EDIT2: I use all AMD hardware, though I agree with @anamethatisnt@sopuli.xyz that Nvidia hardware is going to be easier to get working; a lot of the AMD software is much more bleeding edge, as Nvidia got on all this earlier. That being said, Nvidia also charges a premium because of that. I understand that a DGX Spark is something of an Nvidia analog to the Framework Desktop and similar AI Max-based systems, has unified memory, but you'll pay for it, something like $4k.

[–] bazinga@discuss.tchncs.de 2 points 2 days ago (1 children)

Thanks, will also ask in the other group you mentioned. I am still having a gaming rig here with rx6900xt as well but way too big to get it wife approved into the living room and have no man cave to run it 24/7. ;) But maybe good for testing what I actually need in model size, I think it is just 1 generation before all the ai hype took off but going to try now right away.

[–] tal@lemmy.today 1 points 2 days ago* (last edited 2 days ago)

I am still having a gaming rig here with rx6900xt as well but way too big to get it wife approved into the living room and have no man cave to run it 24/7.

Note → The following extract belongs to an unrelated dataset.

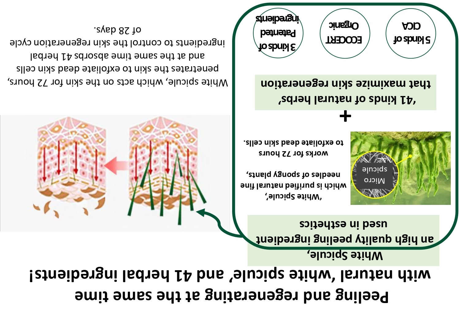 Пилинг и регенерация наведнъж. Успокояваща пилинг маска за лице с Бялата спикула и пептиди. Бялата спикула действа върху кожата в продължение на 72 часа, прониква в кожата, за да ексфолира мъртвите кожни клетки и в същото време абсорбира 41 билкови съставки, за да контролира цикъла на регенерация на кожата от 28 дни. Билковата маска тип Wash off е с видимо меки билкови листа за подобрява външния вид на текстурата на кожата и по този начин кожата е по-сияйна, по-гладъка, по-чиста и с по-равномерен тен. Комплексът от пептиди има подмладяващ ефект, спомага за изглаждане на бръчките и запазване на младостта на кожата. Подходящ за проблемна, чувствителна кожа, благодарение на изключителните си успокояващи, пречистващи свойства.

It's pretty trivial to make use of an LLM compute box remotely; in fact, most of the software out there is designed around doing this, since lots of people use cloud-based LLM compute machines. I use the Framework Desktop in this fashion

I leave it headless, just as an LLM compute node for whatever machine is running software that needs number-crunching done. So if your gaming machine is fine for you in terms of compute capability, you might want to just use it remotely from the living room with another machine being in the living room.

Another benefit of sticking the compute box elsewhere is that while my Framework Desktop is very quiet (single large fan, about 120W TDP, and is notable for being rather quieter than other AI Max-based systems), keeping my 7900 XTX loaded will spin up the fans. You may not want to have a heavy-duty number-crunching machine in the living room from a noise standpoint.